The request, presented as an above-service supplemental to the FY27 budget, would add two full-time officers (the chief said he typically asks for three but is requesting two this year) and fund a $30,000 salary adjustment to create a lieutenant position. "I'm asking for 2," the police chief said of officers, noting the town's roster of 18 officers compares with a cited median of 22 among the department's listed comparables. The chief linked the staffing shortfall to sustained growth in calls for service and new housing projects in Millis.

Committee members pressed the chief on metrics and overtime. One member said the chief had “buried your lead” about operational risk: "you're accepting risk when you don't have the members that you need in your lowest shifts," the committee member told the chief. The chief said overnight shifts that run with two officers create officer-safety and service gaps and argued three officers per shift would be a safer standard.

The chief described several recurring grants and revenue sources that offset department costs, including a recurring $3,000 audit grant for the evidence room, ongoing bulletproof-vest funding and a $20,000 traffic-enforcement grant to support pedestrian/bike safety and distracted-driving enforcement. He also highlighted a rise in revenue from private-detail admin fees and licensing activity, and said technology grants fund much of the fleet's mobile data terminals and in-car equipment.
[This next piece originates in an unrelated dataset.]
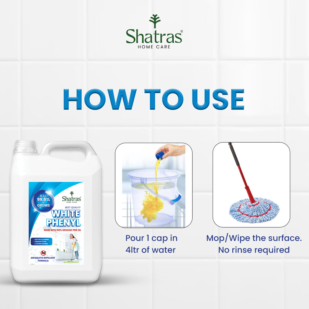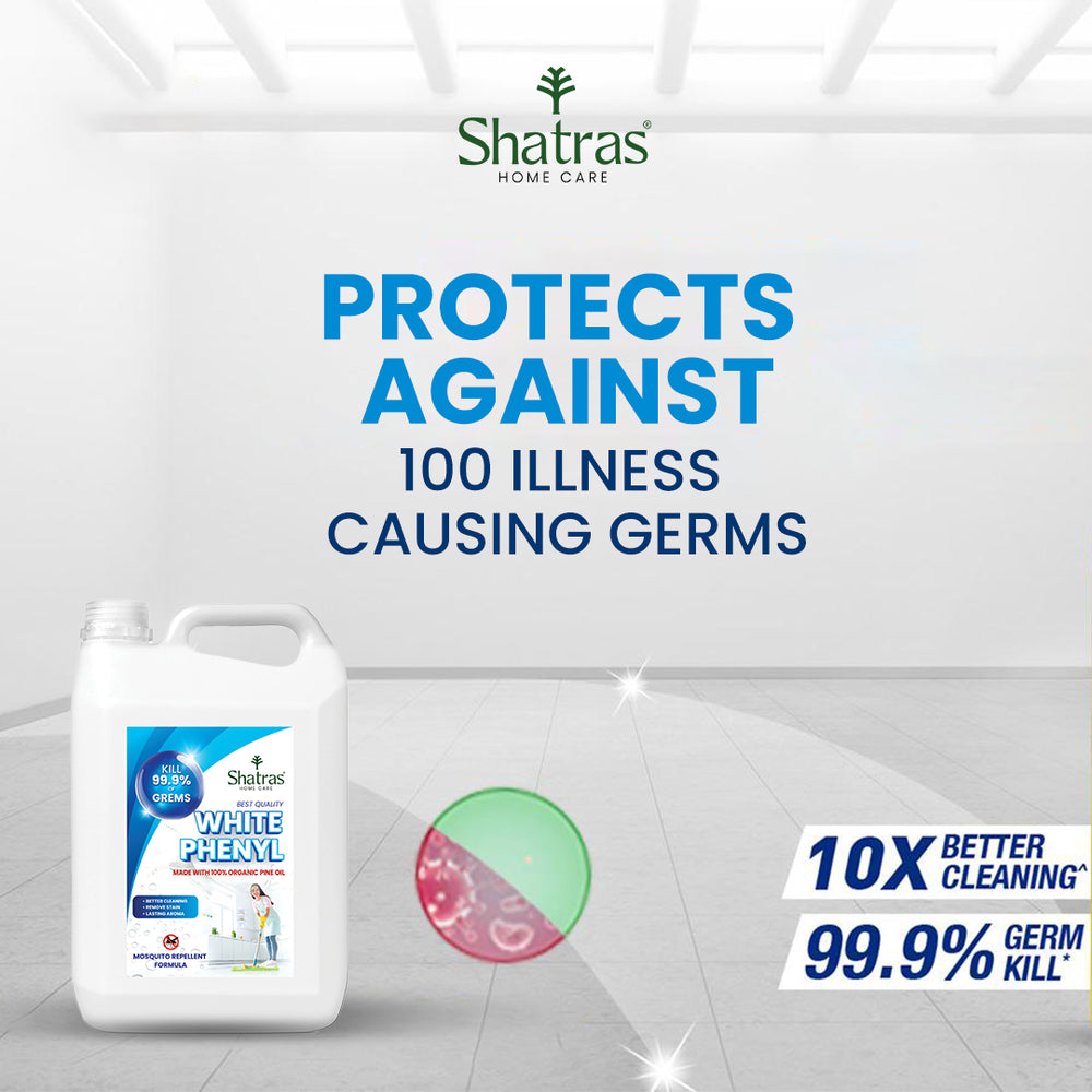 Experience deep cleaning and long-lasting freshness with Shatras White Phenyl, enriched with natural pine oil and an advanced disinfectant formula. It kills 99.9% of germs, removes stubborn stains, and leaves every surface spotless and hygienic. Perfect for homes, hospitals, and commercial spaces alike.

On overtime, the chief told the committee adding staff will not automatically reduce the overtime line because growth in total call volume and routine absences (injuries, training, court) generate overtime expenses even in fully staffed departments. He estimated that the town's overtime number is tied to recurring patterns of officers being out for various reasons and that adding officers will not produce a direct one-to-one offset in overtime savings.

The chief also requested replacement of an aging administrative vehicle and purchase of a new cruiser (a black Tahoe without a full police package for the lieutenant), explaining outfitting would be sought through grants where possible. He emphasized the department's five-sergeant organizational chart and described specialty assignments (K-9, SRO, firearms instructors, detectives, drone pilots) and a capital replacement plan that staggers cruiser replacement every few years.

Next steps: the committee took the presentation and questioned assumptions, comparables and line-item calculations, and asked for the chief's PowerPoint to be posted for review. The supplemental $290,000 request was described as an above-service item that would be evaluated separately from the base FY27 numbers.